Выбрать главу

Телевидение работало на нас. В книжных магазинах висели плакаты с расписанием встреч. Эксклюзивные кормушки накрыли ханские столы. Сиживали мы за столами, сиживали, но это нельзя было съесть, от силы надкусить.

— По-моему, я обедаю сегодня в пятый раз, — задыхаясь, проговорил Генделев. Все координационные увязки он взял на себя, и увязал так, что палец было некуда просунуть.

Актовый зал университета был битком, Аксенов сидел в центре президиума, нерешительные вначале вопросы стали сыпаться лавиной, и мы из кожи вон лезли, подавая студиозусам товар лицом: что имеем — все и открываем.

Шлейф журналистов ловил каждое слово Аксенова, а фотошники фиксировали каждое его движение. Было положено начало музею Аксенова. Ребята, это было что-то с чем-то. Мы признавались друг другу, что уровень беспрецедентен.

Президент Шаймиев дал полуденный прием в резиденции. Семь человек правительства сидели напротив семи писателей. Чай не пили, пирожных не ели, правительство рта не раскрывало, — президент Шаймиев, старый лис, непринужденно и компетентно беседовал с русскими писателями об их книгах. Часа два. С коллективной фотографией.

Билеты на вечер в главный оперно-драматический театр были распроданы давно. Мы выходили на сцену в честь Аксенова: читали его прозу, вспоминали его жизнь и говорили про то, что он есть для нас всех. Потом Макар щелкнул пальцами и задал темп своим креолам, потом Козлов подул в сакс, потом Аксенова вытащили под овацию танцевать на сцене, он вел партнершу изящно, стильно, в ритме, было просто удивительно, как пластично он движется, щурится, усмехается в усы.

В семьдесят пять лет, спустя жизнь после детства, огромную, пеструю и славную жизнь, «в России надо жить долго», он вернулся в свой город королем, и был принят по-королевски, триумфально, выше не бывает.

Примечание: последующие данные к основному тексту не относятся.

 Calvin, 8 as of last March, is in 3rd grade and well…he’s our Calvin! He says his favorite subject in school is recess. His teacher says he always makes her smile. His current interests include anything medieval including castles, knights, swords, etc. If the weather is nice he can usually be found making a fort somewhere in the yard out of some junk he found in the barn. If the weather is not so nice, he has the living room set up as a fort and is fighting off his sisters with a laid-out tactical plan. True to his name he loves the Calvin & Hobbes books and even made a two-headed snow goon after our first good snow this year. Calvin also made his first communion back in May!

Как жаль, что вас не было с нами, да?

— Ведь скоро уже, — сказал он о смерти журналистке в Москве и повел плечом. — И не страшно это, просто — непостижимо.

Евгений Евтушенко

Ясное дело: поэт в России — больше, чем поэт

Первомай 1961-го на Красной площади

В Белом доме президент США Ричард Никсон и госсекретарь Генри Киссинджер принимают самого знаменитого поэта того времени Евгения Евтушенко

Михаил Веллер. В далекие шестидесятые на картошке мы, первокурсники Ленинградского университета, пели этакую песенку городского фольклора:

По ночной Москве идет девчонка, каблуками цок-цок-цок, а навстречу ей идет сторонкой незнакомый паренек.

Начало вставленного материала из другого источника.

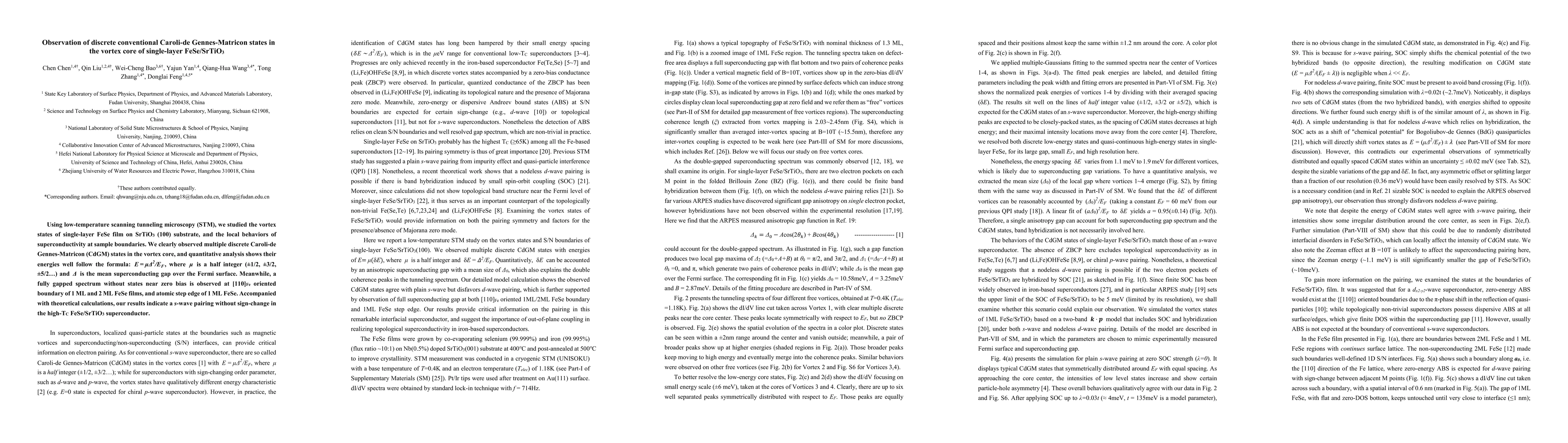 This paper reports the observation of discrete conventional Caroli-de Gennes-Matricon states in the vortex core of single-layer FeSe on SrTiO3 using STM, confirming s-wave pairing symmetry without sign change in the superconducting state. Additionally, it finds a fully gapped spectrum at the sample boundaries.

И дальше следует сцена уличного знакомства, завязывание разговора:

Он ей говорит: «Каких поэтов вы любите читать стихи?» А она ему в ответ на это: «Евтушенко — мой дружок».

Вот насколько вы были в славе и на слуху. Четкая семантическая пара: фрукт — яблоко, лайнер — серебристый, поэт — Пушкин, современный поэт — Евтушенко.

Ни в коем случае никого не хочу принижать, гремели имена поколения, были гениальные поэты, — но Евтушенко звучал номером первым.

Скажите, каково это — чувствовать себя поэтом, прославленным в стране, как, в общем, при жизни ни один до вас? Я ведь помню вашу фразу о завистниках уже девяностых годов к шестидесятникам: «Это зависть уксуса к шампанскому!»

Евгений Евтушенко. Вы знаете, Миша, можно воспринять мои слова, конечно, как лицемерие или кокетство, но даю вам честное слово, вот как на духу, — не до того мне. Да некогда думать о дребедени, блеске или чем там еще, настолько я делаю себя занятым человеком, набиваю свой день до отказа другими делами, нужными, совершенно разными вещами. Я хорошо сплю без снотворного, потому что я всегда отрабатываю весь свой день до конца, — не отрабатываю, а живу этот день до конца, проживаю его, любой! Так что мне некогда рассуждать там о собственной славе, недостаточной или сверхдостаточной и так далее.

Но безусловно, когда я слышу, что вот все-таки поэтам, или иным прославленным людям, таким талантливым людям, как вы, простительно то или другое, — я всегда категорически против этого. Мне очень не нравится поведение некоторых наших попсовых временных звезд, когда они хвастаются, показывают свои перстни, рассказывают, кто им подарил машины, строят себе какие-то дворцы. Понимаете, мне это глубоко чуждо. Они вообще считают, что им позволено что-то другое, нежели всем. Их ведь даже милиционеры останавливают подобострастно-уважительно: как же, знаменитый человек. А в этот момент — это человек, нарушивший закон, и все тут! А он убежден, что ему-то можно.